Благодаря умным распоряжениям Хлопицкого, поляки кое-как держались. Очень может быть, что дела их были бы еще лучше, если бы командиры полков исполняли приказания Хлопицкого, но большинство из них, не считая Хлопицкого главнокомандующим не находило нужным слушаться его приказаний, и чтобы заставить их идти в битву, Хлопицкий каждый раз должен был ездить к Радзивилу и просить его распоряжений, пока сам не получил раны и был выведен из битвы.
Потеря Хлопицкого для поляков, и при том в разгар самой битвы, была очень важна: пока он управлял битвой, дела поляков, как мы сейчас уже заметили, шли кое-как, но когда его не стало, Радзивил окончательно растерялся: крестился, шептал молитвы, призывал на помощь угодников Божьих, и на донесения командиров о печальном положении дела отвечал текстами из священного писания. В то же время Уминский и Круковецкий поссорились между собой, Шембека плакал, а Прондзинский и Хржановский подрались, один только начальник третьей дивизии Скржинецкий сохранял присутствие духа и только благодаря ему польская армия не была окончательно истреблена.
Поразивши польскую армию, русский главнокомандующий три дня простоял без дела на поле битвы, ожидая польской депутации из Варшавы с покорностью. Но на четвертый день получено было известие, что поляки укрепляют Варшаву: стало ясно, что поляки и не думают сдаваться. Тогда русский фельдмаршал созвал военный совет, на котором положено было отступить на юг от Варшавы, где ожидать прибытия осадного парка и тогда приступить к штурму варшавских укреплений.
Между тем польский главнокомандующий, после поражения под Гроховом, прибежавши в Варшаву, издал прокламацию, в которой старался выгородить себя в поражении под Гроховом: всю вину он сваливал на Хлоппцкого и Прондзинского.

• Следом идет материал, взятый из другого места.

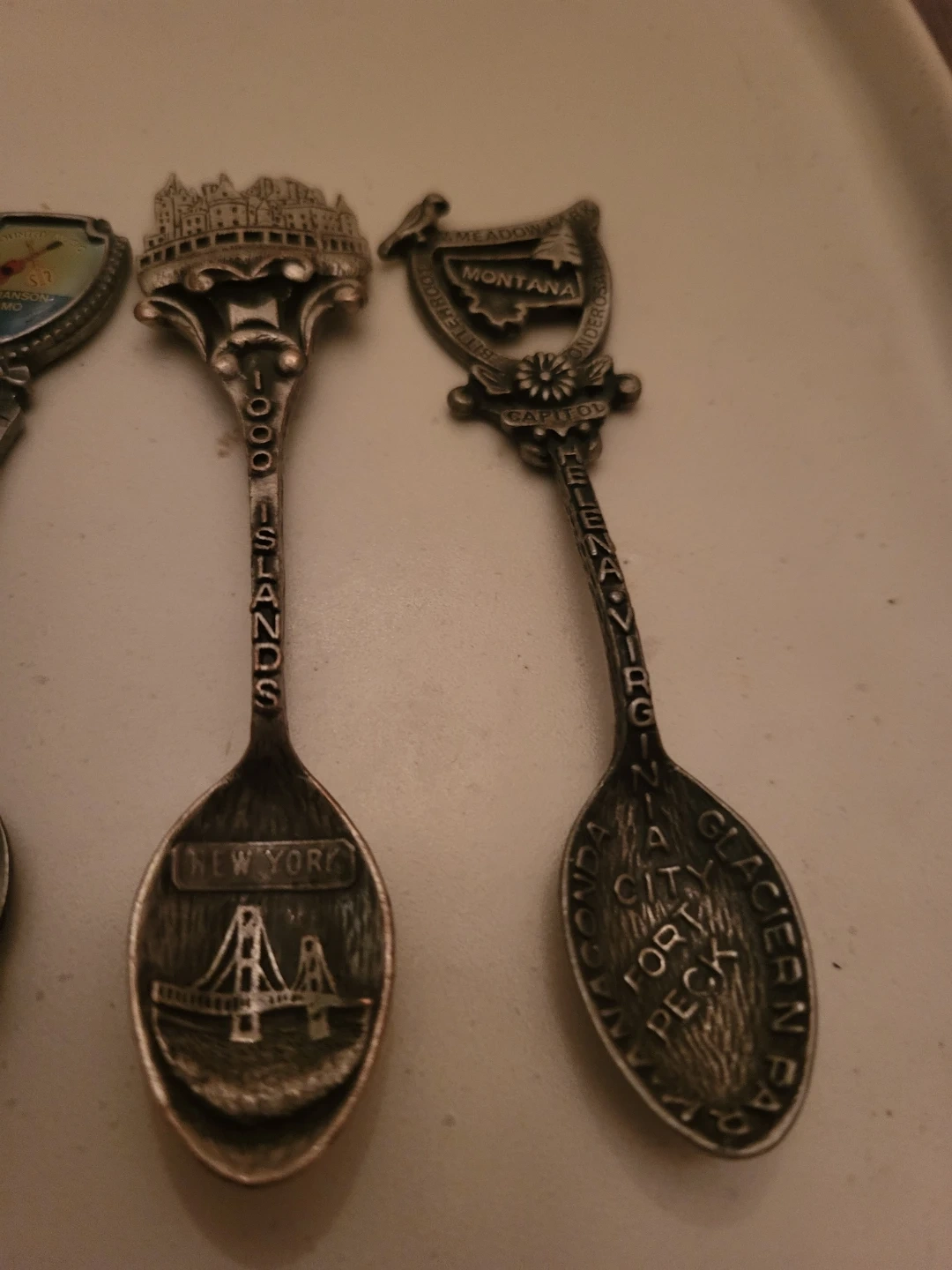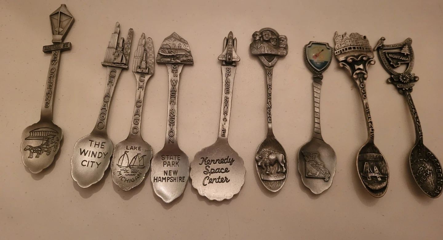 This is a collection of souvenir spoons from various locations including Kennedy Space Center, New Hampshire, and Chicago. These spoons are great for collectors or as mementos of past travels.

По этому поводу был собран сейм, на который пригласили главнокомандующего Радзивила. Тут на него со всех сторон посыпались укоризны и обвинения и, наконец, лишили его власти. Затем приступили к выбору другого главнокомандующего. После долгих и бурных споров избрали главнокомандующим Скржинецкого.

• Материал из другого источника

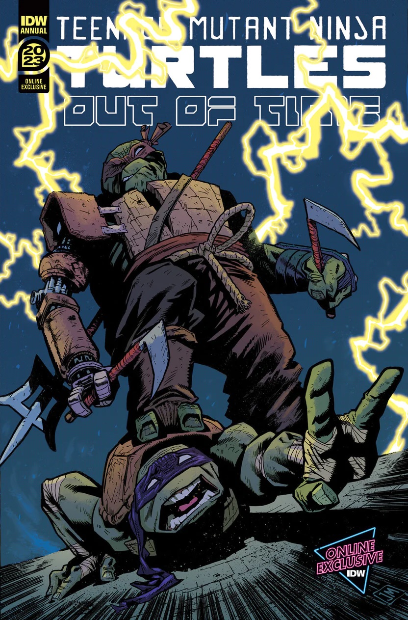 Une tortue, d’apparence très âgée, traversait les couloirs du temps, lorsque soudain, l’impensable se produisit. Le couloir était détruit, broyé par la puissante mâchoire d’un requin géant. Dans sa destruction, le mutant perdait un bras. Il se retrouvait plongé dans l’espace, face à une multitude de Terres qui s’entrechoquaient et explosaient. Face à lui se trouvait une impressionnante machine. Une autre tortue était à son bord. Puis un éclair survint. La tortue blessée avait disparue.

Новый главнокомандующий польских войск родом был из Галиции. В это время ему было около 45 лет. Образование он получил в Львове. В 23 года он поступил в войско Наполеона I и участвовал в его последнем походе на Россию в 181 году. По образовании царства Польского, Скржинецкий жил в Варшаве в качестве командира 8 пехотного полка. Великий князь Константин Павлович не любил его и часто говорил про него: «этот командир все может рассказать, что пишут во французских и английских газетах, но ничего не знает, что делается в его полку». И действительно, Скржинецкий мало понимал толку в военном деле. Правда, он был храбр, любил войну и умел воодушевлять солдат. Но, как говорил про него Прондзинский, «он не имел дарований стратегических!», ничего не понимал в употреблении кавалерии, артиллерии и вообще в операциях целой армии. Кроме того, Скржинецкий в высшей степени ценил выгоды жизни; страсть к комфорту доходила у него до того, что он почти всю компанию сделал в карете. Без плотного завтрака, не выспавшись хорошенько, он ничего не предпринимал. Действуя в военном деле в высшей степени нерешительно, он отличался изступленным религиозным фанатизмом: постоянно соскакивал с лошади при виде костела, креста и какого-нибудь изображения католического святого, становился на колени и подолгу молился, что нередко было причиной упущения важных случаев, чтобы достигнуть успехов в борьбе с неприятелем.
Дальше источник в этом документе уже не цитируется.